Question

The compressibility factor for a real gas at high pressure is ____.
A. $1 + \dfrac{{RT}}{{Pb}}$
B. 1
C. $1 + \dfrac{{Pb}}{{RT}}$
D. $\dfrac{{Pb}}{{RT}}$

Answer 1

The compressibility factor is a thermodynamic property for modifying the ideal gas equation to account for behavior of real gases and is denoted using Z. The compressibility can be found using the formula $Z = \dfrac{{PV}}{{RT}}$. Find the compressibility factor using the real gas equation.

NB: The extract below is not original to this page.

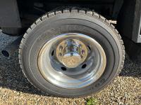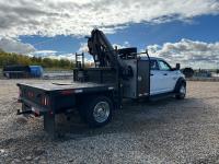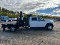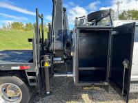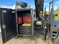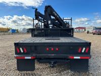 Cummins 6.7 L 24V 305 HP diesel engine, DEF deleted, engine brake, electric engine block heater, positive air shutoff, automatic transmission, A/C, cruise control, leather interior, radio, 7 ft 10 inch x 6 ft deck, chain holders, HIAB 077 BS-3CLX 3 section knuckle rear mount crane, outriggers, spring suspension, 7,000 lb front axle, 13,500 lb rear axles, all aluminum wheels, 225/70R19.5 tires

Complete answer: or Complete step by step answer:
We are given to find the compressibility factor for a real gas at high pressure.
We are using the real gas equation to find the compressibility factor.
Real gas equation is also known as van der Waals equation.
Real gas equation is $\left( {P + \dfrac{a}{{{V^2}}}} \right)\left( {V - b} \right) = RT$, where P is the pressure, V is the volume, T is the temperature, R is the ideal gas constant, a is the constant for attraction between the molecules of the real gas and b is the volume taken up by those molecules.
When the pressure is high then the volume is less, because the volume of a given gas is inversely proportional to pressure at constant temperature.
This means, the volume is less and the particles collide with the walls more frequently and the attraction decreases.
Therefore the term $\dfrac{a}{{{V^2}}}$ will be negligible, almost equals to zero.
Then the real gas equation becomes
$\left( {P + 0} \right)\left( {V - b} \right) = RT \\\ \Rightarrow PV - Pb = RT \\\ \Rightarrow \dfrac{{PV - Pb}}{{RT}} = 1 \\\ \Rightarrow \dfrac{{PV}}{{RT}} - \dfrac{{Pb}}{{RT}} = 1 \\\ \Rightarrow \dfrac{{PV}}{{RT}} = 1 + \dfrac{{Pb}}{{RT}} \\\$
But we know that the compressibility factor is equal to $Z = \dfrac{{PV}}{{RT}}$, substitute Z in the place of PV/RT in the above equation.
$\dfrac{{PV}}{{RT}} = 1 + \dfrac{{Pb}}{{RT}} \\\ \because Z = \dfrac{{PV}}{{RT}} \\\ \therefore Z = 1 + \dfrac{{Pb}}{{RT}} \\\$
Therefore, the compressibility factor Z for a real gas at high pressure is $1 + \dfrac{{Pb}}{{RT}}$
The correct option is Option C, $1 + \dfrac{{Pb}}{{RT}}$

So, the correct answer is “Option C”.

Note:
The compressibility factor is used as a correction factor to ideal behavior. Do not confuse compressibility factor with isothermal compressibility coefficient as the isothermal compressibility coefficient is the fractional change in volume when there is a change in pressure at constant temperature.